Background noise reduction (BNR)—including, but not limited to, power spectral subtraction and other forms of spectral subtraction such as magnitude spectral subtraction—often applies a noise reduction limit or “target” which limits the extent of the noise reduction that can be applied to the noisy audio signal in order to generate a noise reduced signal estimate (that is, which restricts the amount by which the magnitude or power of the noise component can be reduced by the noise suppression procedure). In this case, the limit sets the aggressiveness of the noise reduction, thus the aggressiveness can be adjusted by adjusting this limit. Often, this limit can be expressed as a minimum gain or maximum attenuation (these being the multiplicative inverse of one another when expressed as a ratio of a signal to a gain adjusted signal and the additive inverse of one another when expressed on a logarithmic scale such as dB) that can be applied to the noisy audio signal at any given time for the purposes of reducing the power or magnitude of the noise component. A lower attenuation (greater gain) limit causes less aggressive noise suppression and a greater attenuation (lower gain) limit causes more aggressive noise suppressions. The limit may take a constant value of e.g. 12 dB of attenuation (−12 dB of gain), 12 dB being the maximum permissible noise suppression attenuation (−12 dB being the minimum permissible noise suppression gain) that can be applied to the noisy audio signal to generate a noise reduced signal estimate. Choosing a non-zero limit ensures that the noise component always remains in the noise reduced signal estimate albeit at a reduced level relative to the original noisy audio signal, rather than being completely removed (discussed above). 12 dB is widely recognized as a good trade-off between noise reduction and speech distortion—for comparison, e.g., 18 dB would be considered to be slightly aggressive, and would in extreme cases lead to audible speech distortion.

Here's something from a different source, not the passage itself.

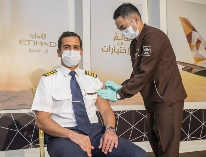الإتحاد للطيران أول شركة في العالم تعطي اللقاح لكافة أعضاء طاقمها الجوي
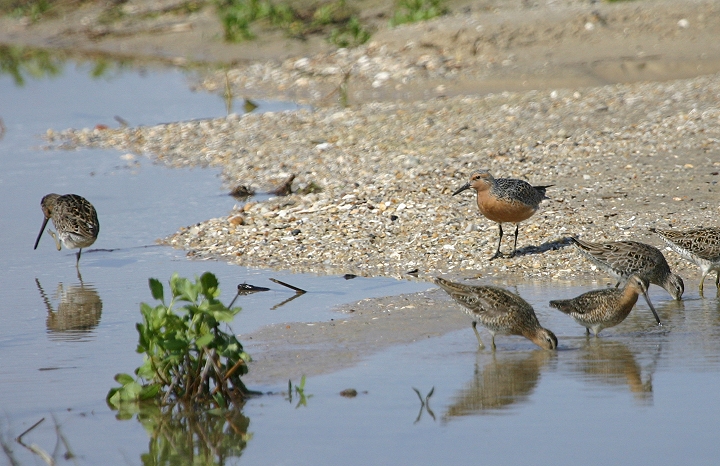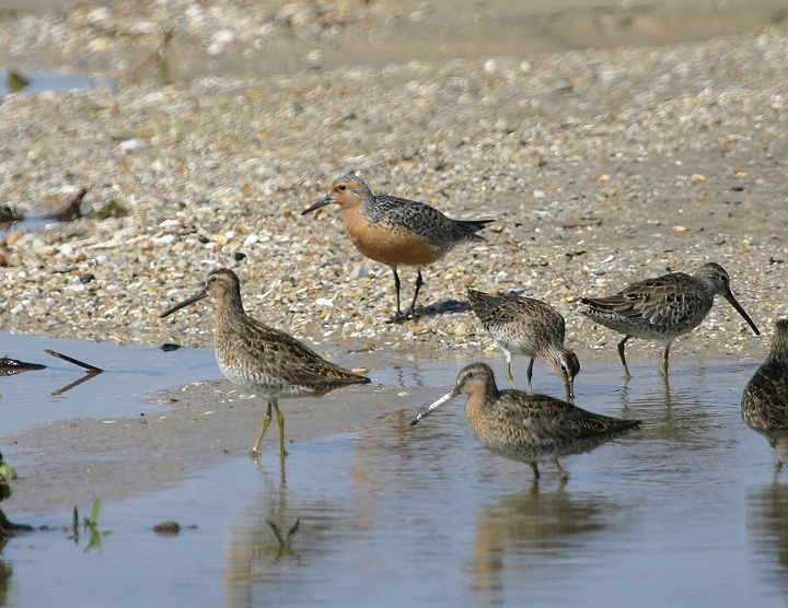 Above and below: In breeding plumage with Short-billed Dowitchers (griseus subspecies) at Flag Pond SP, Maryland (5/21/2005).

In embodiments, it is this noise reduction attenuation limit/target that is rapidly increased (resp. decreased) from a current value (e.g. 12 dB) by substantially the same amount as the gain has been increased (resp. decreased) by, and then gradually returned to that current value (e.g. 12 dB). For example, in response an increase (resp. decrease) in the applied gain of 3 dB, the noise reduction attenuation limit might be immediately changed to 12 db+3 db=15 dB (resp. 12 dB−3 dB=9 dB), and then gradually returned to 12 dB.
At step S502, the client 206 receives the noisy audio signal y(t) having the desired audio component s(t) and the noise component n(t) from the microphone 212. The noisy audio signal y(t) can be considered a sum of the noise component n(t) and the desired component s(t). Here, the desired component s(t) is a speech signal originating with the user 102; the noise signal n(t) may comprise background noise signals and/or undesired audio signals output from the loudspeaker 210 as discussed above.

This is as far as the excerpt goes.